Recipe for an investment shortfall

Financial Express, 16 March 2009

Recent GDP growth numbers suggest that there has been a considerable slowdown in growth. So far a large part of the slowdown can be explained by the decline in world demand and the impact it has had on Indian exports. Looking forward the question of whether domestic demand can compensate for the near zero export growth remains to be answered. While India has had strong domestic demand, we see that this has mainly due to the sharp rise in private investment. Since private investment is driven by confidence, expectations and profit levels, we may see this decline sharply in the coming year. But will not the increase in public investment compensate for this decline and put Indian GDP growth back on track? The numbers are not very encouraging. It will be difficult for the government to compensate for the decline in private investment even assuming that household and corporate investment only go down to trend levels, and do not fall further.

In recent years there has been a sharp decline in the ratio of consumption to GDP to 55 percent in 2008-09. This decline has been missed by most of us and we continue to think that in India, as was the case before 2002, the ratio of consumption to GDP has remained above 60 percent. The assumed high ratio is often compared to China where this ratio is 48 percent. Figure 1 (Consumption(Ratio of GDP) shows that in the period of rapid economic growth after 2002 this ratio has dropped sharply. This should be kept in mind when discussing the drivers of growth such as the large rural market or the Indian middle class that some people seem to expect will keep India growing fast.

What has driven high economic growth since 2002 is the sharp rise in investment. As seen in Figure 2 (Ratio of GDP) while private consumption has fallen, government consumption has remained more or less stable, showing a small decline. It is investment that has risen sharply as a ratio of GDP. The sharp rise in investment has been the driver of the high GDP growth rate of 8-10 percent seen since 2002.

There are three data series available for investment. These are Private Corporate Investment, Household Investment and Government Investment. Figure 3 (Investment (% to GDP)) shows each of these series expressed as a ratio to GDP. Since 2002 both components of private investment, i.e, private corporate investment and household investment grew very sharply. The big story is clearly private corporate investment. It grew from an average of 5 to 6 percent of GDP to 16 percent of GDP in 2008-09. It reached unprecedented levels never seen in India's history before. What is striking is that right until the mid-nineties it was significantly below government investment. It was only after 2003 that it rose above government investment and stayed above it.

Household investment mainly consists two components - the first is housing and the second is investment by the informal household sector. In the figure we see a sharp increase in household investment since 2002. This could be due both to the housing boom and to informal enterprises that witnessed high growth with investment growth in corporate India.

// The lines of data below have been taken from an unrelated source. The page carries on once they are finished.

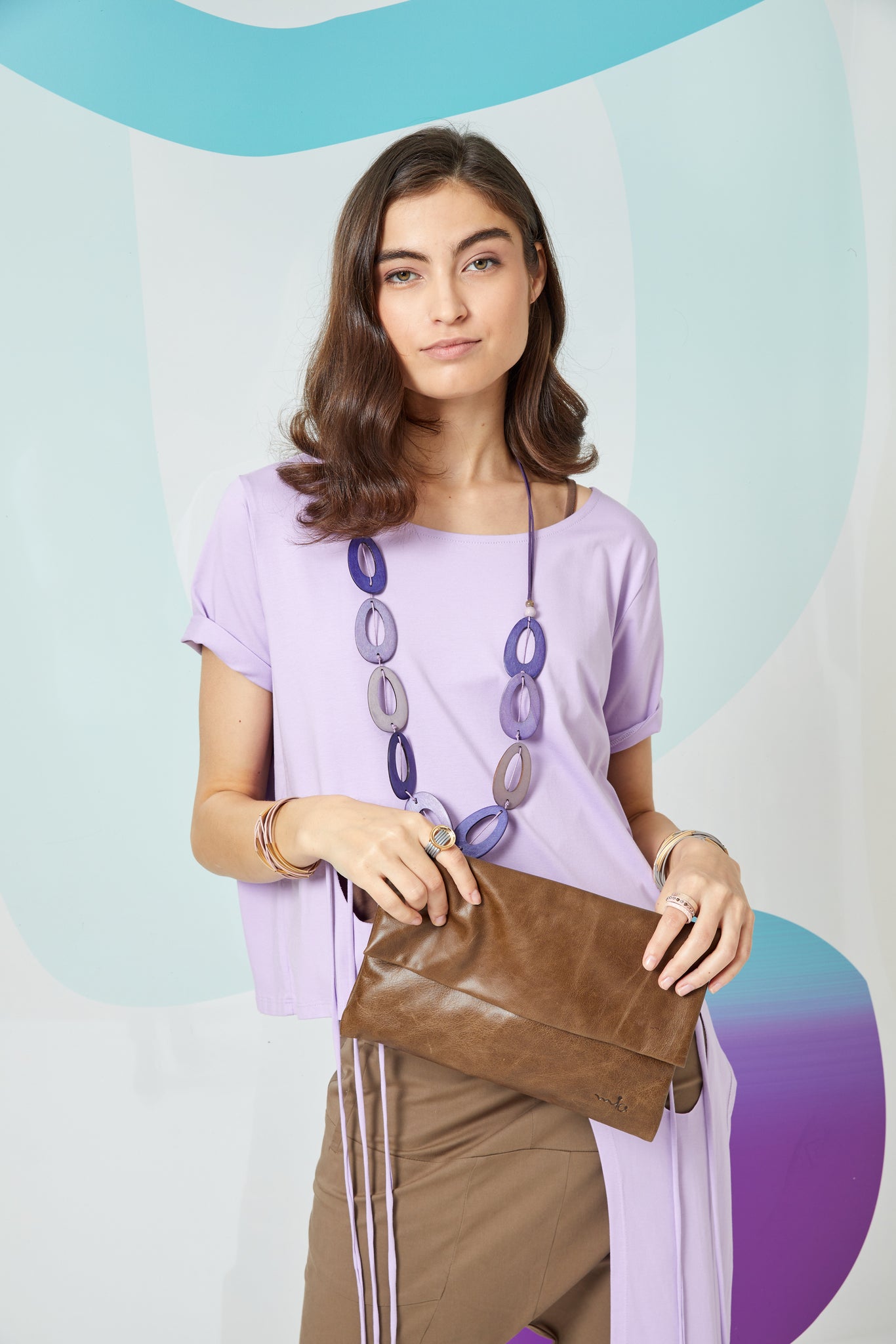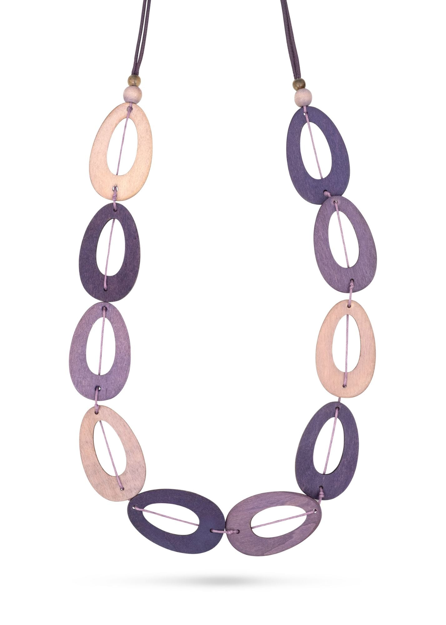 שרשרת דיסקיות עץ בצורת טיפה סגול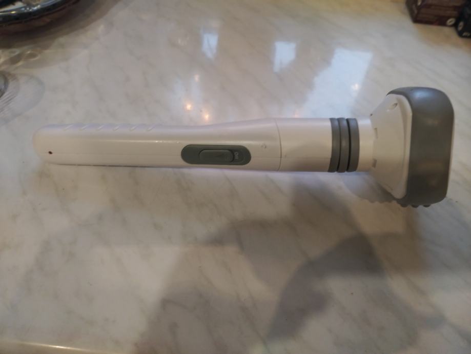 Prodajem ručni masažer, POTPUNO ISPRAVAN i NOV. Masažer je posebno pogodan za samomasažu, a masirati se može i preko odjeće,ima fleksibilni zglob pa je pogodan za samomasažu leđa. Masažer ima punjivu bateriju i dolazi s originalnim punjačem.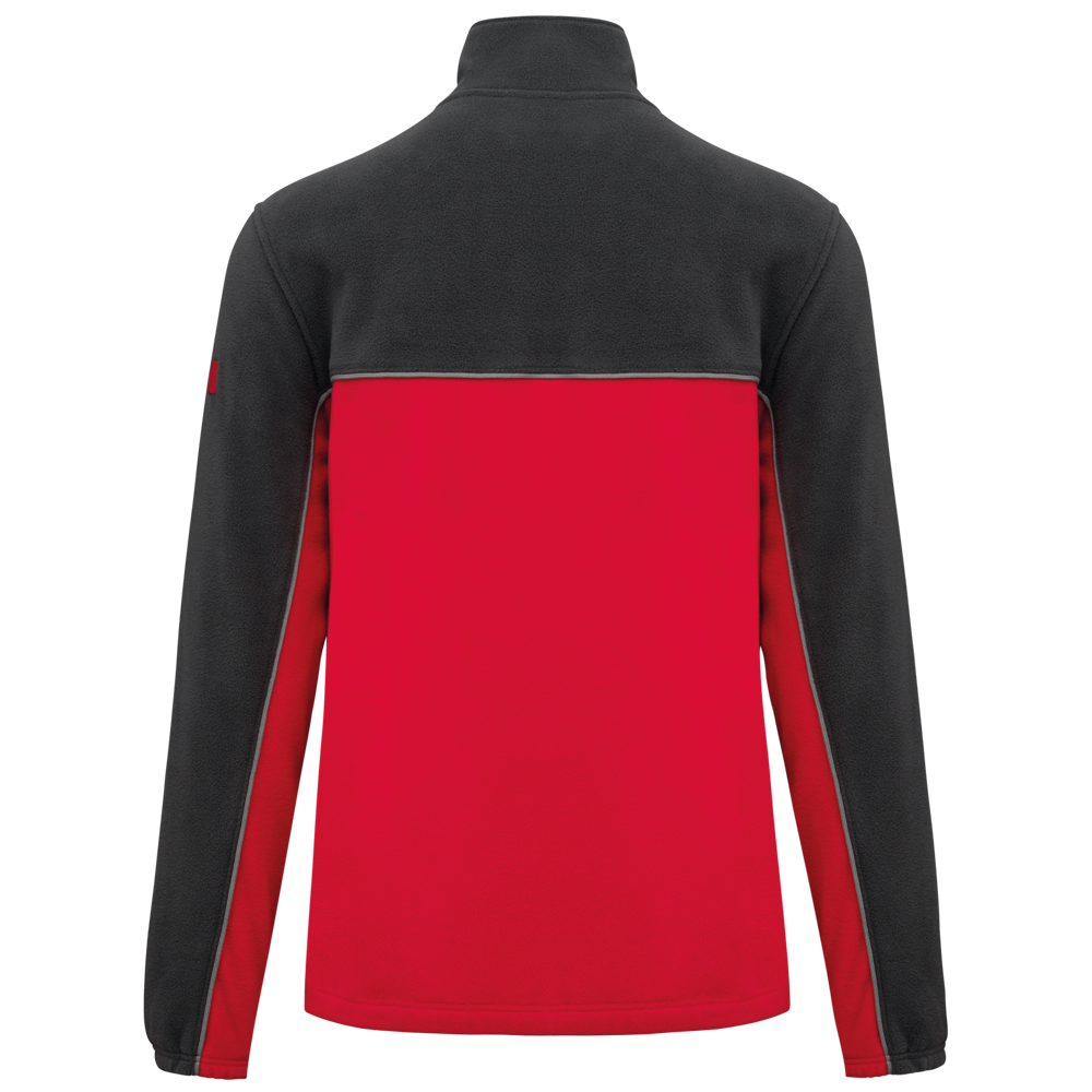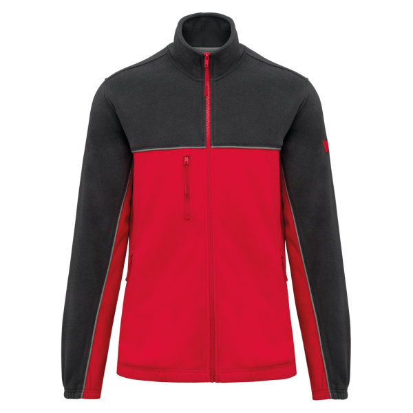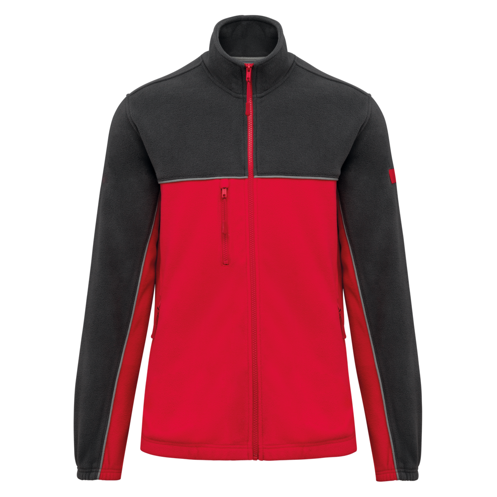 100% polyester. Gemaakt van 100% gerecycleerd polyester. Anti-pluis microfleece. Rechte snit. 2 ritszakken opzij + 1 borstzakje met rits Gerecycleerde toon-op-toon plastic ritsen met ritstrekker. Contrasterende nektape met visgraatmotief. Contrasterende bies tussen de tweekleurige delen van het kledingstuk (lichaam, voorkant mouwen en rug). Elastische penhouder met 3 vakken op de linkermouw. Ophanglint in de kraag. Elastische mouwuiteinden en boord. Tear-away merklabel.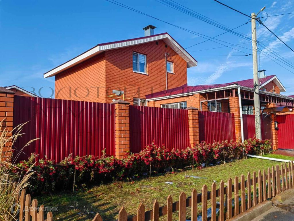Участок обнесен забором из металлического профиля, на фасадной части находятся распашные ворота и отдельная калитка с козырьком.
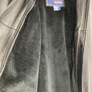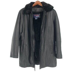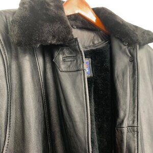 This vintage NY Classics Sports black leather jacket in men's size small combines timeless style with practical cold-weather features. Crafted from 100% genuine leather with a soft black faux shearling lining, it offers both warmth and sophistication. The jacket features a full button front, exterior pockets, and a zip-in removable vest liner and collar for versatile wear across seasons. A plush faux fur collar adds extra comfort and a touch of vintage flair. Ideal for winter layering or sleek streetwear looks, this leather coat is professionally leather dry clean only and made in China, dating from the late 1990s to early 2000s.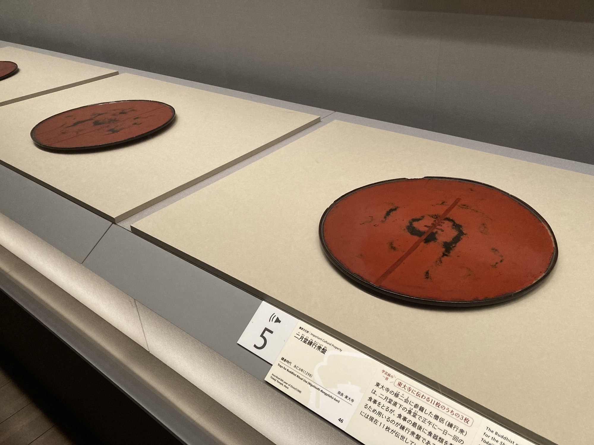 これらの6枚の盤は、底裏の銘から永仁6年(1298)の制作であることがわかっています。表面の中央には漢数字が描かれ、数字を取り囲むように広がる赤と黒の「景色」はすべて異なっています。修二会は天平勝宝4年(752)に始まって以来、今に至るまで一度も途絶えたことがなく、来年の令和8年(2026)に1275回を数えます。盤に見入っていると、「景色」の先に一心に祈りを捧げる練行衆の姿が浮かぶようでした。

What does the above data suggest for the coming year? First, it is difficult to imagine that in the midst of this slowdown private investment will be sustained at last years levels. If corporate and household investment go down fom their current levels 16 and 12 percent of GDP respectively to trend levels of roughly 8-10 and 6-8 percent, there will be a sharp decline in investment of the tune of about 10 percent of GDP. There is no way that the government can expand its investment to compensate fully for this fall in private investment. At best, it will try to increase investment by 4-5 percent of GDP. This will mean that there will still be a sharp decline in total investment as a ratio of GDP at least by 4 percentage points. A decline like this is bound to have a sharp impact on GDP growth.